§490:2A-219  Risk of loss.  (a)  Except
in the case of a finance lease, risk of loss is retained by the lessor and does
not pass to the lessee.  In the case of a finance lease, risk of loss passes to
the lessee.



(b)  Subject to the provisions of this article
on the effect of default on risk of loss (section 490:2A-220), if risk of loss
is to pass to the lessee and the time of passage is not stated, the following
rules apply:



(1)  If the lease contract requires or authorizes the
goods to be shipped by carrier:



(i)  And it does not require delivery at a
particular destination, the risk of loss passes to the lessee when the goods
are duly delivered to the carrier; but



(ii)  If it does require delivery at a
particular destination and the goods are there duly tendered while in the
possession of the carrier, the risk of loss passes to the lessee when the goods
are there duly so tendered as to enable the lessee to take delivery.
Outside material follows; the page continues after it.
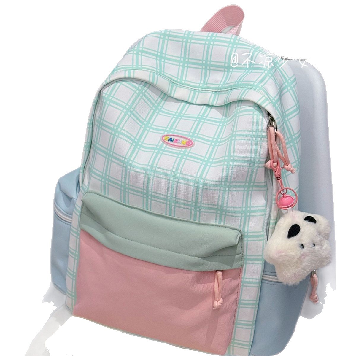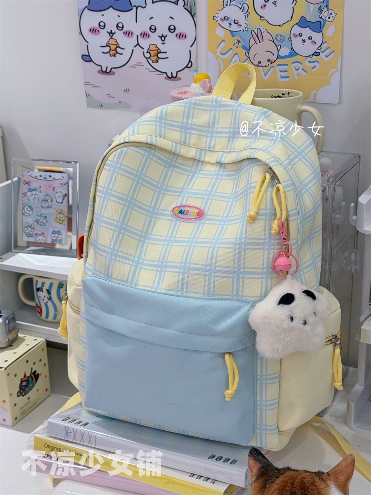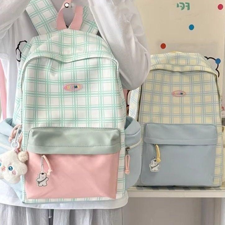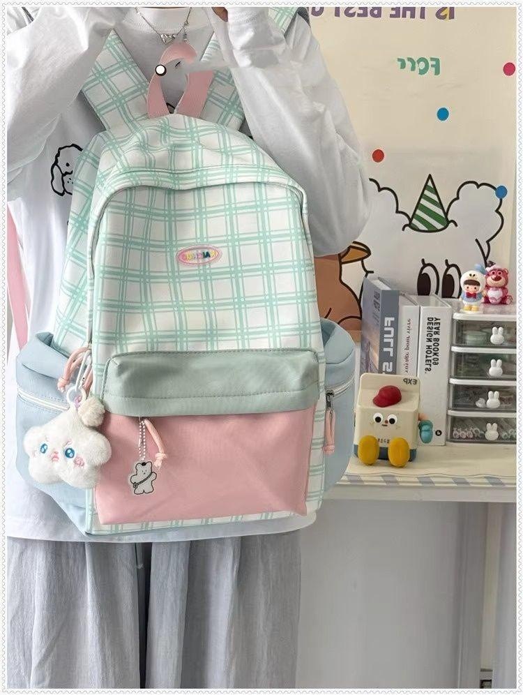 格子书包女学生百搭小清新初高中生双肩包旅游背包潮大容量学院风

(2)  If the goods are held by a bailee to be delivered
without being moved, the risk of loss passes to the lessee on acknowledgment by
the bailee of the lessee's right to possession of the goods.
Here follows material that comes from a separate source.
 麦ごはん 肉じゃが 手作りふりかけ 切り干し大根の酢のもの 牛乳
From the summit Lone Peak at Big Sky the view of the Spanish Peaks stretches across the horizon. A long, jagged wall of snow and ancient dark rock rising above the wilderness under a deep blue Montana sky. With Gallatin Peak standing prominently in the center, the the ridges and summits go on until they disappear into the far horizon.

(3)  In any case not within paragraph (1) or (2), the
risk of loss passes to the lessee on the lessee's receipt of the goods if the
lessor, or, in the case of a finance lease, the supplier, is a merchant;
otherwise the risk passes to the lessee on tender of delivery. [L 1991, c 40,
pt of §1]



 



Case Notes



 



  Where photo processing machine was never delivered to
plaintiff, risk of loss did not pass from vendor to plaintiff under this
section.  104 H. 148 (App.), 85 P.3d 1099.